_Problem requirements_
All of the records below are to be given again word for word, with the pictures removed.

※ ※ ※

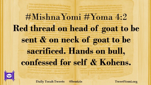 #MishnaYomi #Yoma 4:2 Red thread on head of goat to be sent & on neck of goat to be sacrificed. Hands on bull, confessed for self & Kohens.
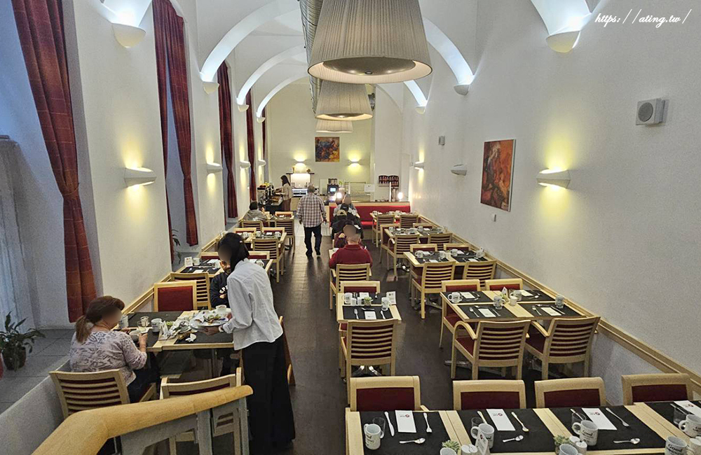 這次我們因布拉格一大早出門一開始沒有訂早餐,我站遠處往下拍,早餐屬於簡易式西式早餐。
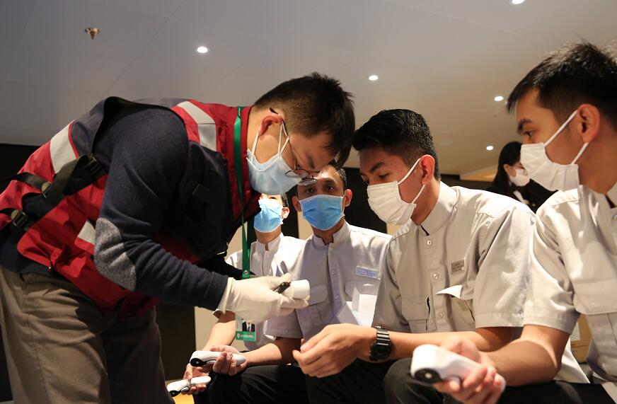 在深圳市委、市政府指挥下,南山区委区政府、市卫健委、市文体旅游局、市交通运输局、海关、边检、蛇口邮轮母港、邮轮公司等第一时间成立应急处置工作组,启动应急预案。鉴于船上人员多、空间密闭等情况,决定该邮轮乘客不下船,由专业人员登船进行排查检测。
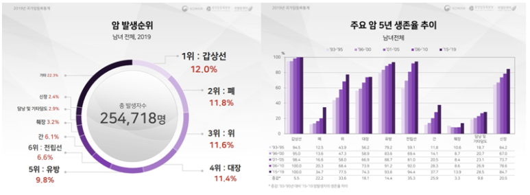 출처 : 2019 암등록통계 2019년까지 통계된 자료 기준 우리나라에서 갑상선암은 가장 높은 발생률을 보이는 동시에 100%의 5년 생존율을 보이는 암이다. 5년 생존율은 ‘암 치료를 받은 환자 중 치료 시작 5년 이내에 해당 암으로 사망하지 않은 환자의 비율’로 현 시점에서 100명이 갑상선암 진단을 받고 정해진 치료만 잘 받으면 5년 뒤 100명이 생존할 수 있다는 의미다.
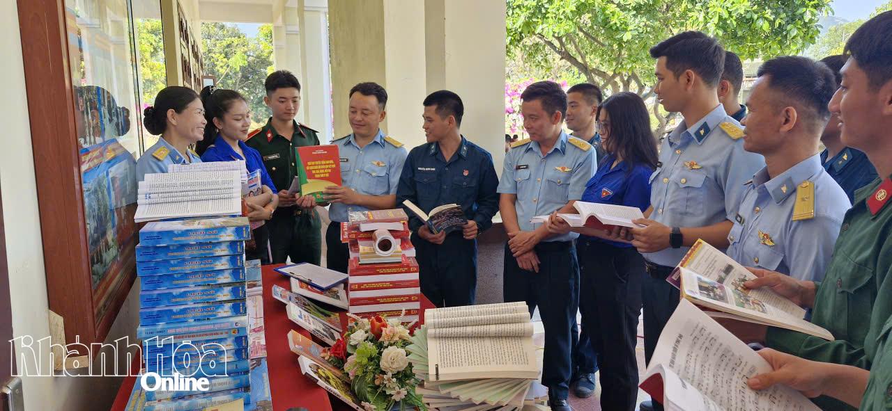 Cán bộ, chiến sĩ trung đoàn và đoàn viên, thanh niên đơn vị kết nghĩa tham quan khu vực trưng bày sách.
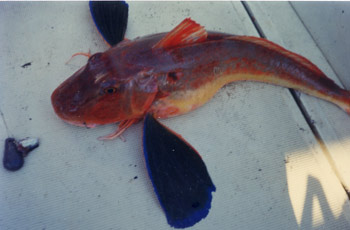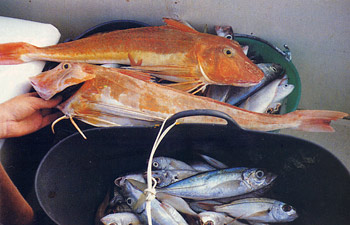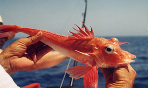 Hacemos unas fotos del momento. Ya a bordo el pescado, Manolo sonríe de oreja a oreja. El nombre local de chirriola corresponde a la lucerna bejel o colorado (Trigla Lucerna), ejemplar de la familia de los tríglidos o rubios que entre otras características (como es la trasformación de las primeras aletas ventrales en patas muy sensitivas e incluso gustativas) tiene la facultad de emitir sonidos al hacer vibrar su vejiga natatoria. Vea bajo otrasdos variedades el graneoo escacho (Trigla Lyra) y a la derecha el rubio o Trigloporus lastoviza
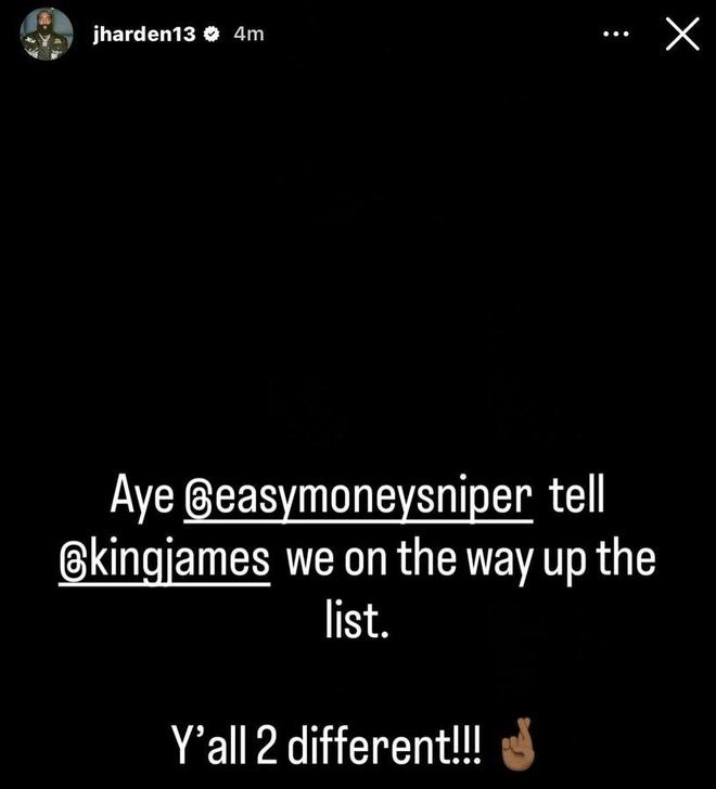 本场比赛,快船球星詹姆斯-哈登惨遭“里程悲”,他通过本场比赛完成对卡梅隆-安东尼的超越,正式升至NBA历史总得分榜的第十位。在哈登完成这一成就后,哈登的前队友、目前效力于火箭队的杜兰特发布个人社媒,晒出哈登的里程碑海报为其庆祝,他配文写道“传奇哈登”。随后哈登也在社媒上回复了杜兰特,并写道:“哎,告诉詹姆斯(总得分榜第一)我们可在前十榜单中了啊。你们俩都与众不同!”
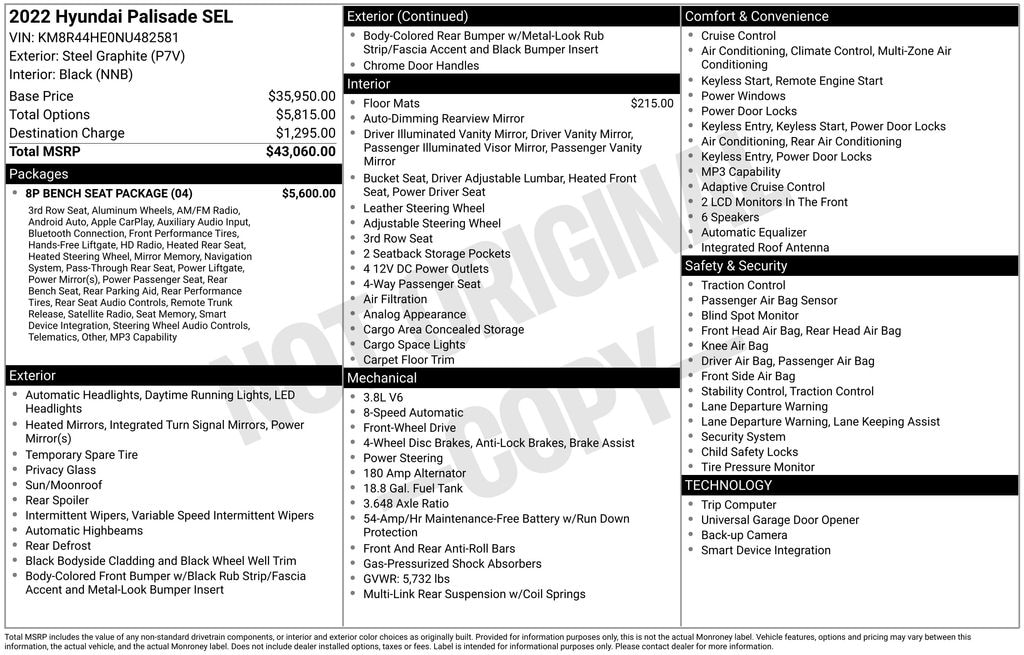 Used 2022 HyundaiPalisade SEL SUV FWD
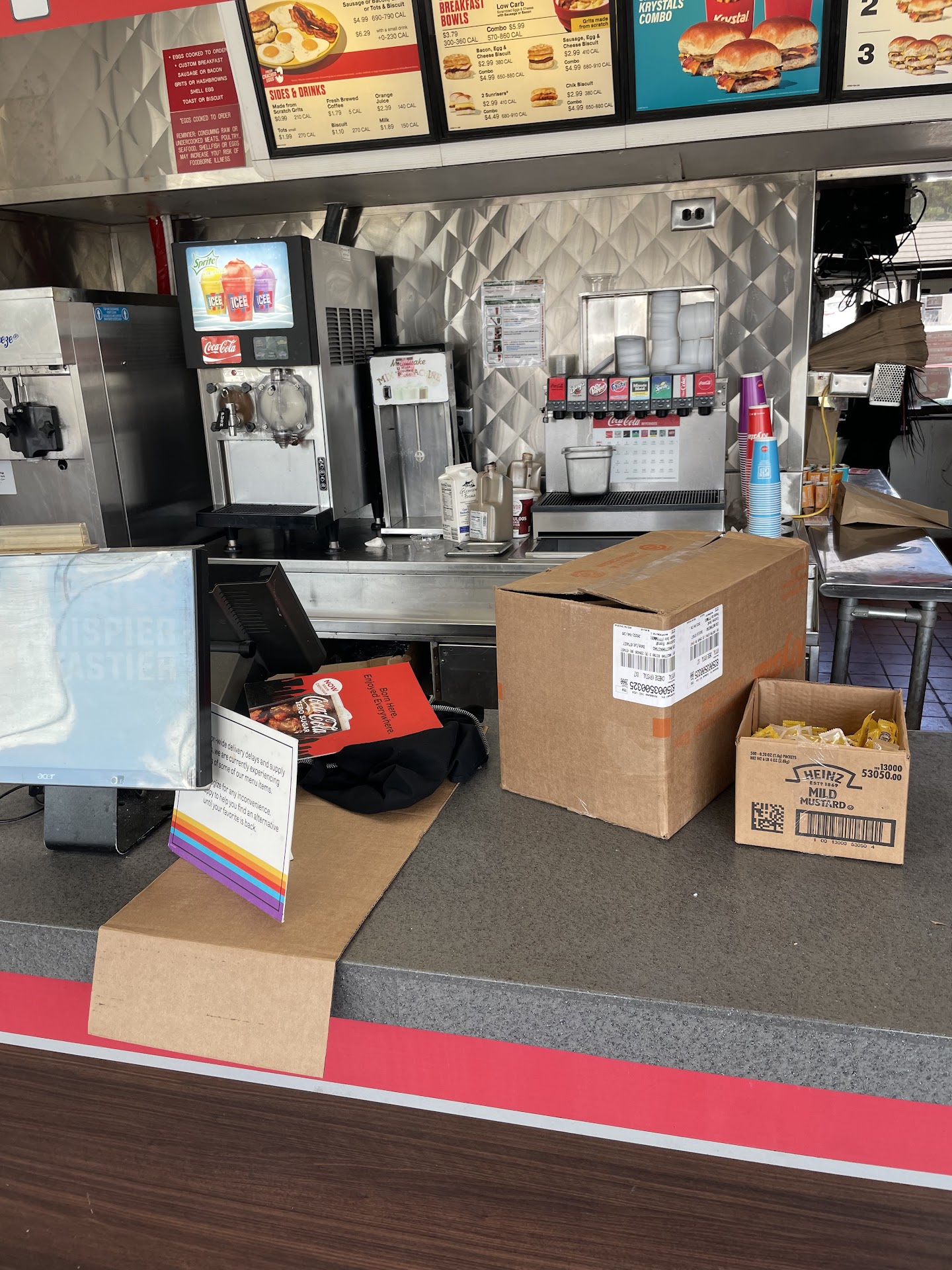 Read moreAbsolutely terrible experience all the way around. I pulled to the drive-thru for my mobile order pickup as the app said to go through the drive-thru abruptly and with a harsh home they told me to go inside with no explanation. Upon entering the entire facility was dirty, floors were dirty, countertops run clean and the kitchen was the dirtiest of all, the counter. Had lots of old receipts and a few boxes just lying there. I then asked why I had to go inside and they said all mobile orders have to be picked up inside, and throughout this entire experience the all of the staff were borderline rude and they were also arguing with each other loudly door. Other guests were staring at the kitchen while trying to enjoy their meals. Then they told me they were out of chicks which I paid extra for and then they also told me they were out of fries which were also on my order. I asked if they could just remove those items for my order so I'm not charged for them and they said no. I asked to speak to the manager and after about 10 minutes of waiting wall the staff were still yelling at each other. I just walked out. Never going back to this crystal. It's a huge disappointment for the chain which is one of my favorite go to...
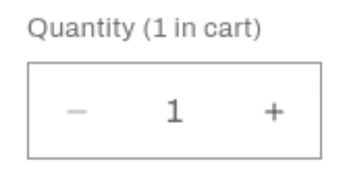 A number input with plus/minus buttons for adjusting quantity. Automatically shows volume pricing tiers, quantity rules (min, max, multiples), and in-cart quantities.
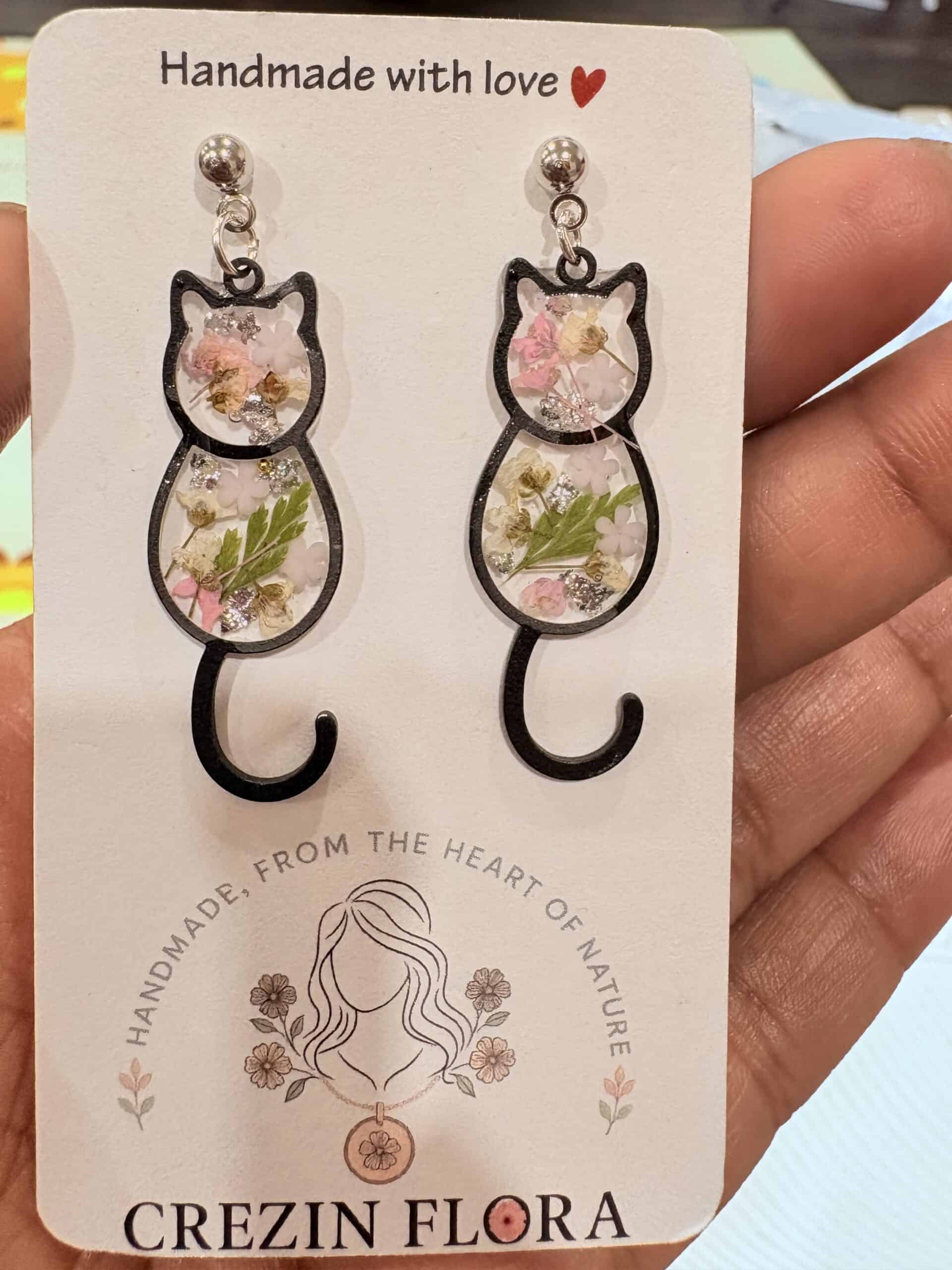 Real flowers pressed,cute cat hoops earrings, stainless steel hoops

※ ※ ※

_Answer box_
 #MishnaYomi #Yoma 4:2 Red thread on head of goat to be sent & on neck of goat to be sacrificed. Hands on bull, confessed for self & Kohens.
 這次我們因布拉格一大早出門一開始沒有訂早餐,我站遠處往下拍,早餐屬於簡易式西式早餐。
 在深圳市委、市政府指挥下,南山区委区政府、市卫健委、市文体旅游局、市交通运输局、海关、边检、蛇口邮轮母港、邮轮公司等第一时间成立应急处置工作组,启动应急预案。鉴于船上人员多、空间密闭等情况,决定该邮轮乘客不下船,由专业人员登船进行排查检测。
 출처 : 2019 암등록통계 2019년까지 통계된 자료 기준 우리나라에서 갑상선암은 가장 높은 발생률을 보이는 동시에 100%의 5년 생존율을 보이는 암이다. 5년 생존율은 ‘암 치료를 받은 환자 중 치료 시작 5년 이내에 해당 암으로 사망하지 않은 환자의 비율’로 현 시점에서 100명이 갑상선암 진단을 받고 정해진 치료만 잘 받으면 5년 뒤 100명이 생존할 수 있다는 의미다.
 Cán bộ, chiến sĩ trung đoàn và đoàn viên, thanh niên đơn vị kết nghĩa tham quan khu vực trưng bày sách.
 Hacemos unas fotos del momento. Ya a bordo el pescado, Manolo sonríe de oreja a oreja. El nombre local de chirriola corresponde a la lucerna bejel o colorado (Trigla Lucerna), ejemplar de la familia de los tríglidos o rubios que entre otras características (como es la trasformación de las primeras aletas ventrales en patas muy sensitivas e incluso gustativas) tiene la facultad de emitir sonidos al hacer vibrar su vejiga natatoria. Vea bajo otrasdos variedades el graneoo escacho (Trigla Lyra) y a la derecha el rubio o Trigloporus lastoviza
 本场比赛,快船球星詹姆斯-哈登惨遭“里程悲”,他通过本场比赛完成对卡梅隆-安东尼的超越,正式升至NBA历史总得分榜的第十位。在哈登完成这一成就后,哈登的前队友、目前效力于火箭队的杜兰特发布个人社媒,晒出哈登的里程碑海报为其庆祝,他配文写道“传奇哈登”。随后哈登也在社媒上回复了杜兰特,并写道:“哎,告诉詹姆斯(总得分榜第一)我们可在前十榜单中了啊。你们俩都与众不同!”
 Used 2022 HyundaiPalisade SEL SUV FWD
 Read moreAbsolutely terrible experience all the way around. I pulled to the drive-thru for my mobile order pickup as the app said to go through the drive-thru abruptly and with a harsh home they told me to go inside with no explanation. Upon entering the entire facility was dirty, floors were dirty, countertops run clean and the kitchen was the dirtiest of all, the counter. Had lots of old receipts and a few boxes just lying there. I then asked why I had to go inside and they said all mobile orders have to be picked up inside, and throughout this entire experience the all of the staff were borderline rude and they were also arguing with each other loudly door. Other guests were staring at the kitchen while trying to enjoy their meals. Then they told me they were out of chicks which I paid extra for and then they also told me they were out of fries which were also on my order. I asked if they could just remove those items for my order so I'm not charged for them and they said no. I asked to speak to the manager and after about 10 minutes of waiting wall the staff were still yelling at each other. I just walked out. Never going back to this crystal. It's a huge disappointment for the chain which is one of my favorite go to...
 A number input with plus/minus buttons for adjusting quantity. Automatically shows volume pricing tiers, quantity rules (min, max, multiples), and in-cart quantities.
 Real flowers pressed,cute cat hoops earrings, stainless steel hoops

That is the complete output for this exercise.